To these overarching values, one more must be added: respect for the environment. This product of modern revolutionary history is at the same time the oldest and the most recent. We see this value in the lifestyle of the indigenous tribes of the Americas and pre-capitalist rural communities of several continents, as well as at the heart of the modern ecological movement. Capitalist globalization – with geometric growth – is responsible for the accelerated destruction and poisoning of the environment: pollution of the land, oceans, rivers and air; the “greenhouse effect”, with its catastrophic consequences; the threat of destruction of the ozone layer, which protects us from lethal ultraviolet rays; the devastation of forests and biodiversity. A civilization based on solidarity cannot exist without being a civilization in solidarity with nature, since the human species cannot survive if the ecological balance of the planet is disrupted.

 

Socialism as an alternative

This list is by no means exhaustive. Each person may, based on her or his own experience and reflection, add more items. How can we sum up in a single word the set of values present, in one form or another, in the movement against capitalist globalization, in the street protests from Seattle to Genoa, and the debates of the World Social Forum? I believe that the expression, civilization of solidarity is an appropriate synthesis of this alternative project. It assumes not only a radically different economic and political structure, but primarily an alternative society that values the ideas of common good, public interest, universal rights, the non-profit motive.

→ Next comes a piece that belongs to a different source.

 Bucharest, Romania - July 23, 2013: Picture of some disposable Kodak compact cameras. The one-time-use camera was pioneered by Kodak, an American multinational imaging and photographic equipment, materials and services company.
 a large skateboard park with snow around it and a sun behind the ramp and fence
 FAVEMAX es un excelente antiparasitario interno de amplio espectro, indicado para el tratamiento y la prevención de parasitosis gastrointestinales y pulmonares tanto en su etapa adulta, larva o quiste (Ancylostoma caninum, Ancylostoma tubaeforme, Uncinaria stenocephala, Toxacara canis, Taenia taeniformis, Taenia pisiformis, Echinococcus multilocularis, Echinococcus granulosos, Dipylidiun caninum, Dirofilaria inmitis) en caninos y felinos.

I propose that we define this society with the term socialism, which for almost two centuries has summarized humankind´s aspirations for a new way of life, one with greater freedom, equality, democracy and solidarity. It is a term that – just like all the others (“liberty”, “democracy”, etc.) – has been manipulated by profoundly anti-grassroots, authoritarian interests, but which nonetheless retains its original and authentic value.

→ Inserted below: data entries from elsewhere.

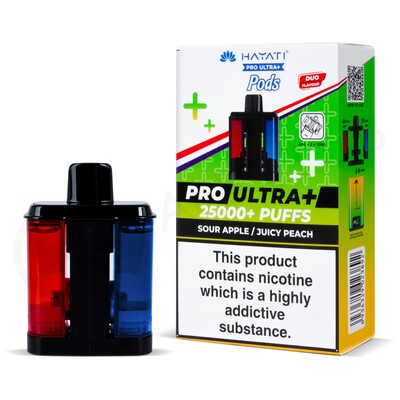 The Sour Apple & Juicy Peach Hayati Pro Ultra Plus refill packs are compatible with the Hayati Ultra Pro Plus big puff kit. These refill packs feature two 2ml prefilled pods and 10ml refill containers in two different flavours that, when combined, can provide up to 25,000 puffs before running out. The will produce a small amount of vapour for an MTL (Mouth To Lung) inhale.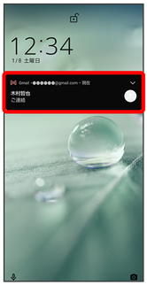 新着メールを受信すると、ロック画面に新着メッセージ通知が表示されます。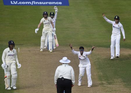 (Reuters) – India’s Deepti Sharma was the thorn in England’s flesh yet again after the feisty spinner captured five wickets for seven runs in an extraordinary spell to bundle out the tourists for 136 in their one-off test match in Navi Mumbai on Friday.
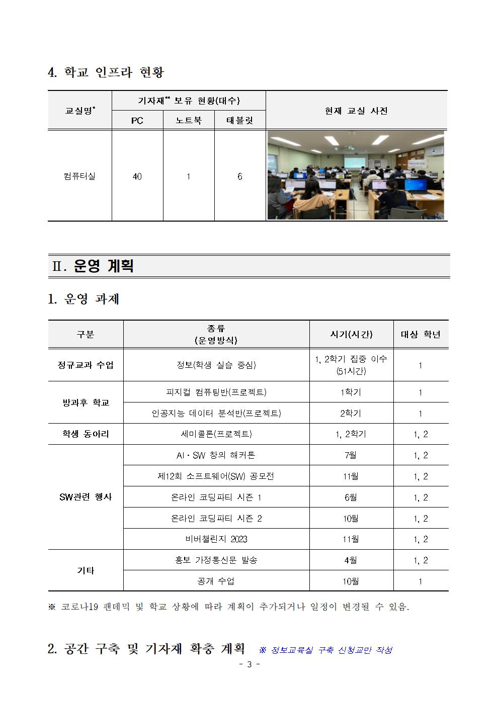 학교 교육과정 변화로 인해 수정되는 계획서 내용은 갱신하여 첨부하도록 하겠습니다.

In a recent public opinion poll in Brazil, sponsored by the National Confederation of Industries (!), 55% of respondents stated that Brazil needed a socialist revolution. When asked what they understood by socialism, they answered citing certain values: “friendship”, “communion”, “sharing”, “respect”, “justice” and “solidarity”. A civilization based on solidarity is a socialist civilization.

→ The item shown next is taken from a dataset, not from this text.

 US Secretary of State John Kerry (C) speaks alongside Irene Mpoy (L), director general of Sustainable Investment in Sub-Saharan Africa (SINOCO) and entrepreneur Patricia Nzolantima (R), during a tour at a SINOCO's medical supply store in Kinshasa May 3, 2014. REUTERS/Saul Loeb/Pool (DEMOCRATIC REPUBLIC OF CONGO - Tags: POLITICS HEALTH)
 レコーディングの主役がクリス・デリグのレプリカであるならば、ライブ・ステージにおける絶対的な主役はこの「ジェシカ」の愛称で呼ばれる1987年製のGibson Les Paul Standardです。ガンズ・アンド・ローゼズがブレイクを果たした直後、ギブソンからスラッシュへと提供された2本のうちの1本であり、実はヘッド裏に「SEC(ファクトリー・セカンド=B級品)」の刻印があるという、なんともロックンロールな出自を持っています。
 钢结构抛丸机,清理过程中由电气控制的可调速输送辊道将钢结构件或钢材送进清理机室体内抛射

In conclusion: another world is possible, if based on other values radically antagonistic to those that dominate the world today. We cannot forget, however, that the future begins now: these values are already prefigured in the initiatives that guide our movement today. They inspire the campaign against Third World debt and the resistance to WTO projects, the fight against genetically modified products and the proposals to tax financial speculation. They are present in social struggles, grassroots initiatives, experiences of solidarity, cooperation and participatory democracy – from the ecological struggle of peasants in India, to the participatory budget of Rio Grande do Sul; from the struggles for the right to form trade unions in South Korea, to the strikes in defense of public services in France; from the Zapatista villages of Chiapas, to the camps of the MST.

The future begins here and now, in these seeds of a new civilization, which we are planting through our struggle, and with our efforts to build new men and women from the subjective and ethical values that we have embraced in our lives as militants.

 

End

English text by volunteer translator, Robert Finnegan with revisions by Thomas Ponniah

_[1] Karl Marx, Misère de la philosophie, Paris, Ed. Sociales, 1947, p.33.

_[2] Expression by Marx in the Communist Manifesto.

_[3] Ernst Bloch, Droit Naturel et Dignité Humaine, Paris, Payot, 1976, pp.177-179.